Task ▸
I need the lines below from the one with "Elementary grades (K–5th)" down to the one with "отводом в канализацию." reproduced exactly, both ends included, and nothing else.

Given information ▸
§

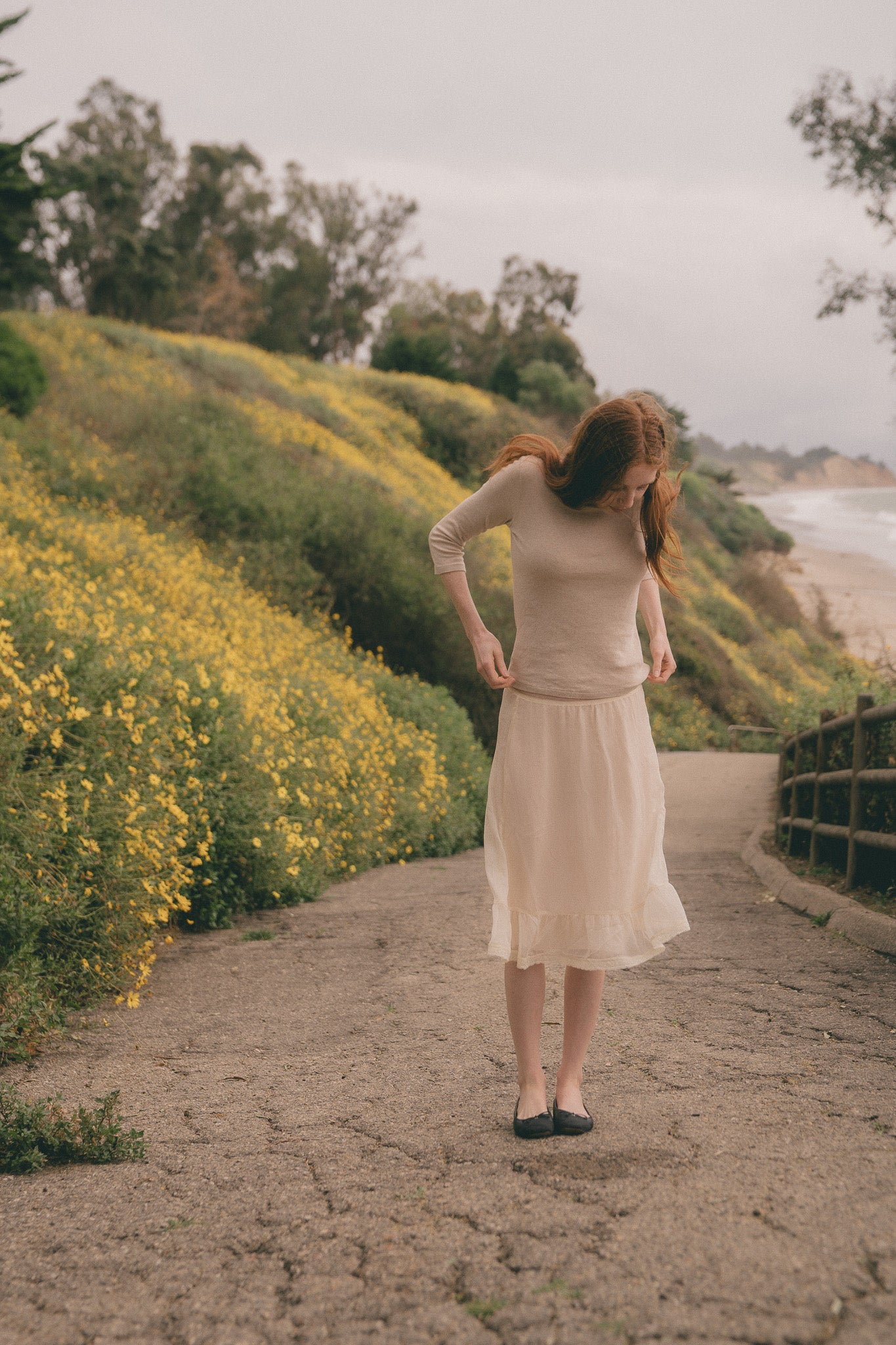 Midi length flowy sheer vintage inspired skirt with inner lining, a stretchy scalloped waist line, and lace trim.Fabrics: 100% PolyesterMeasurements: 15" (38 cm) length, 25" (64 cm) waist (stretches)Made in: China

§

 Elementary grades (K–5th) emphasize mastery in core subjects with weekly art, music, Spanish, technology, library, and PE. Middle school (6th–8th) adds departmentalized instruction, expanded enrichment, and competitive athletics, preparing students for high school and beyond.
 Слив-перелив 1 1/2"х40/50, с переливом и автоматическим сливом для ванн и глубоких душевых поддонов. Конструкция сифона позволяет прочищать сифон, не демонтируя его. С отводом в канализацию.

§

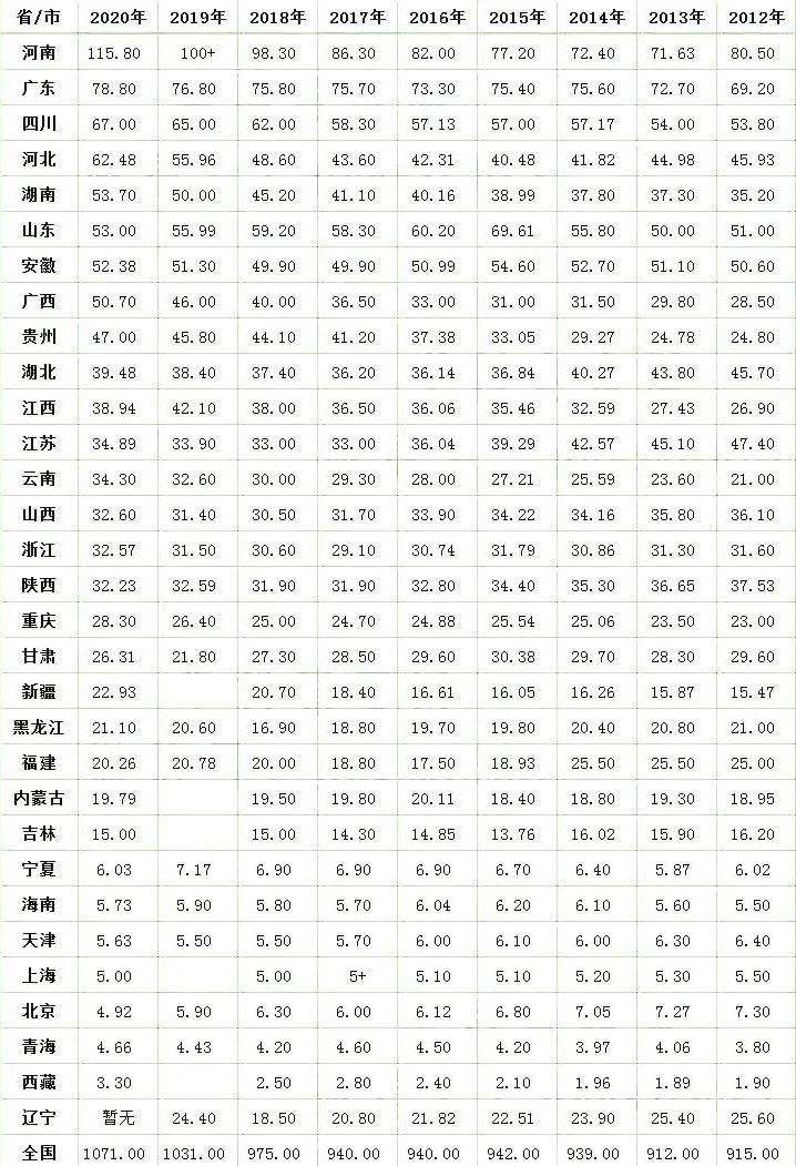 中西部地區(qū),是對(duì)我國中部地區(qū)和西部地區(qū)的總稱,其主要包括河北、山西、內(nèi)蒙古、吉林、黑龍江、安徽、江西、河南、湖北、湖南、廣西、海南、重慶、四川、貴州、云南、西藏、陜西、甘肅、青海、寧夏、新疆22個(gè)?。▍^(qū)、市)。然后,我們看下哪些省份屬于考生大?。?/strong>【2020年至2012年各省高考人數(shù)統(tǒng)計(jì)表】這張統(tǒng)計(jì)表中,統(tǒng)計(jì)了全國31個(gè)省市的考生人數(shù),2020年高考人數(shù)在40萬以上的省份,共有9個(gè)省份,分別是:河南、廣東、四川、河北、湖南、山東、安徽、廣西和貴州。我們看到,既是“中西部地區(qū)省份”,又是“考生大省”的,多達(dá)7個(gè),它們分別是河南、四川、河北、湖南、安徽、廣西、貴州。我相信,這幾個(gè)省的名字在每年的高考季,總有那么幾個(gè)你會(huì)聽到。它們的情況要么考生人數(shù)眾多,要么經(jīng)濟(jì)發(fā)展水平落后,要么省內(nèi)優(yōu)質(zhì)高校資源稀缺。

§

Written solution ▸
 Elementary grades (K–5th) emphasize mastery in core subjects with weekly art, music, Spanish, technology, library, and PE. Middle school (6th–8th) adds departmentalized instruction, expanded enrichment, and competitive athletics, preparing students for high school and beyond.
 Слив-перелив 1 1/2"х40/50, с переливом и автоматическим сливом для ванн и глубоких душевых поддонов. Конструкция сифона позволяет прочищать сифон, не демонтируя его. С отводом в канализацию.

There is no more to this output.